= Otto Anninger =

Industrialist and art collector (1874–1954)

Otto Anninger (20 February 1874 – 5 July 1954, Lucerne) was a major industrialist and an art collector.

== Life ==
Anniger married Clara (née Wolf), (born 12 January 1886, Vienna; died 23 September 1938, Paris) They lived in the "Villa Anninger" located at Vienna XIX, Lannerstraße 36. The Anningers also had a villa in Vienna XIX, Billrothstraße 46.
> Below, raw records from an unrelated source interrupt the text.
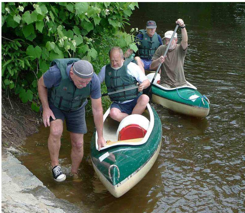
Abychom byli spravdiví, tak ne všichni dosáhli úrovně Pulce.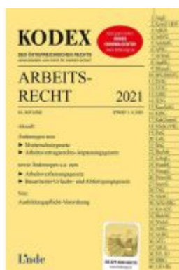
KODEX Arbeitsrecht 2021 Ladenpreis: 41,00 EUR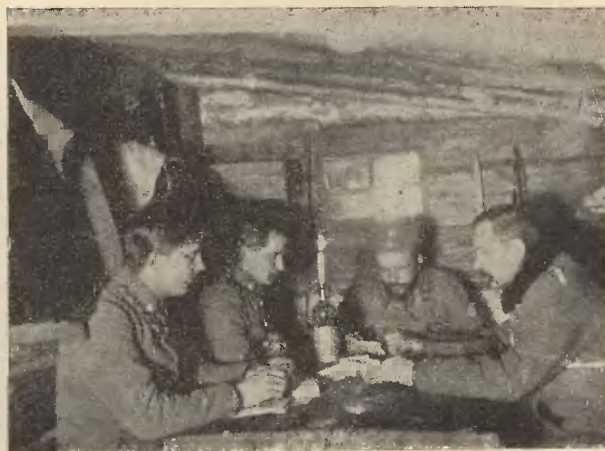
OFICEROWIE 5 P. P. W ZIEMIANCE

W drutach kolczastych, w złotej otoczy rdzawych, ostrych kolców życie zakończył.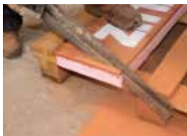
Tvarovky lze snadno a precizně opracovat.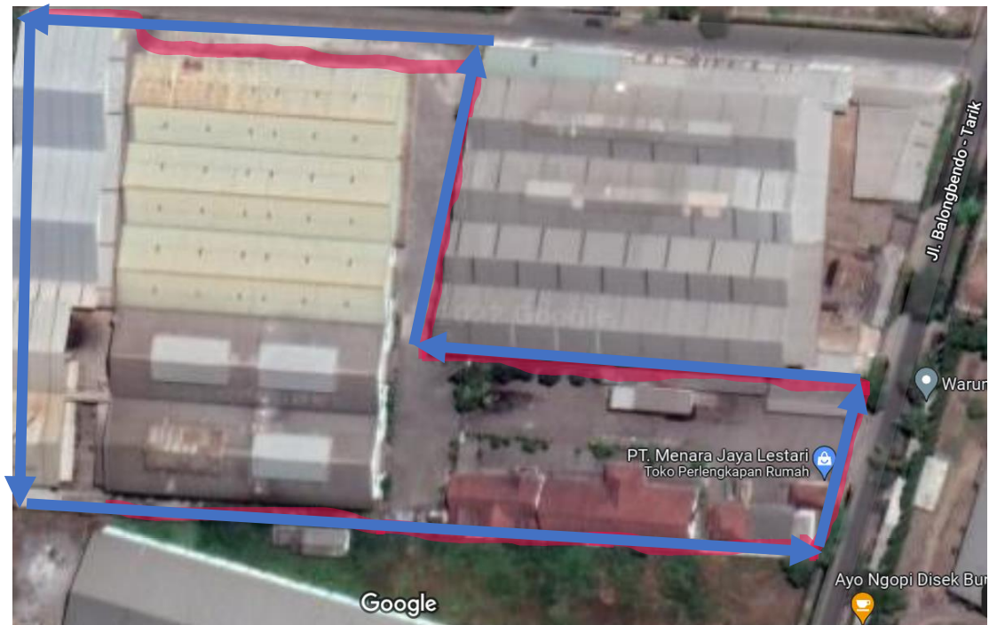
Gambar I. 1 Penampakan PT. Menara Jaya Lestari berdasarkan google maps

PT. Menara Jaya Lestari terletak di Jl. Balongbendo – Tarik No.51, Balongbendo Kabupaten Sidoarjo, Jawa Timur, 61263 (Gambar I.1). PT. Menara Jaya Lestari memilih berlokasi di Kecamatan Balongbendo, Kabupaten Sidoarjo dengan mempertimbangkan beberapa alasan, seperti kemudahan mendapatkan tenaga kerja, kemudahan distribusi produk, dan masalah pencemaran.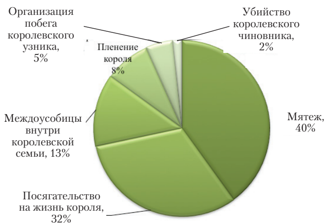
Диаграмма 2. Предательство, совершенное по отношению к королю и членам королевской семьи

Прежде всего попытаемся разобраться, какие действия, идущие вразрез с интересами короны, автор «Новых хроник» расценивал как предательство. Так как число таких случаев довольно велико (60 прецедентов), для удобства восприятия данные также имеет смысл представить в форме диаграммы (диаграмма 2).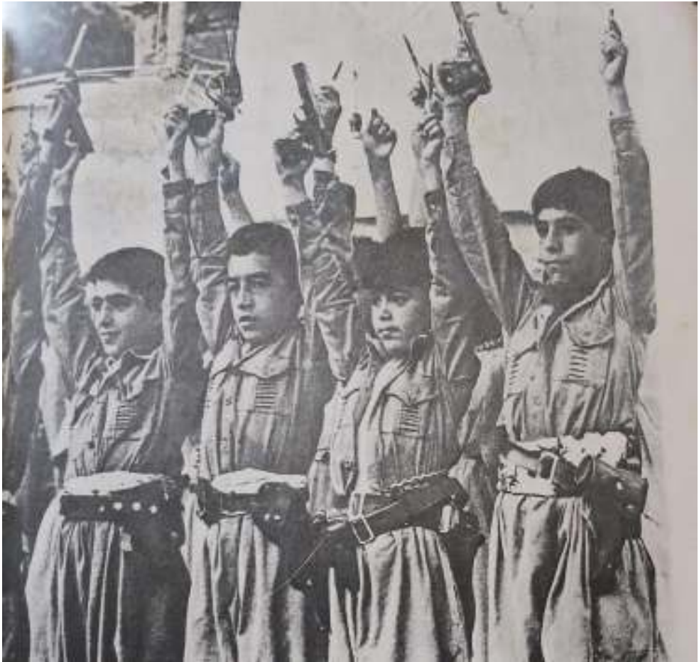
منالانی کورد، به دهسته‌کانیان سومبلی خه‌بات به‌رزده‌که‌نه‌وه: قه‌له‌م و ده‌مانچه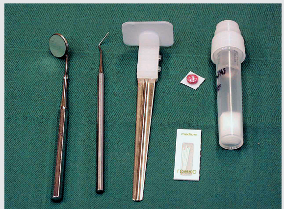
Fig. 2. Hjelpemidler ved etterkontroller.

To funn er av stor interesse ved kontroller etter endt be-

Anniger had a company "W. Abeles & Co.", agency and commission trade in Vienna I., located at Schottenbastei 4, as well as factories in Teesdorf, Lower Austria, and Dugaresa, Yugoslavia. He was a shareholder of Baumwoll-Import und Handels-A.G. in Bratislava, shareholder of the spinning and weaving mill Teesdorf-Schönau in Vienna.

== Art collection ==
Anninger collected paintings and reliefs by, among others, Robert and Franz von Alt, Canaletto and Erwin Pendl.

== Nazi persecution ==
When Austria merged with Nazi Germany in the Anschluss of 1938, the Anningers fled to Paris. His wife committed suicide. Anninger then fled to the U.S.

In 1938, Anniger's company "W. Abeles & Co." was Aryanized (transferred to a non-Jewish owner) by the Austrian Kontrollbank, All his properties were confiscated.;

According to the Louvre Museum in Paris, Anniger donated a painting by Jan de Heem in 1939.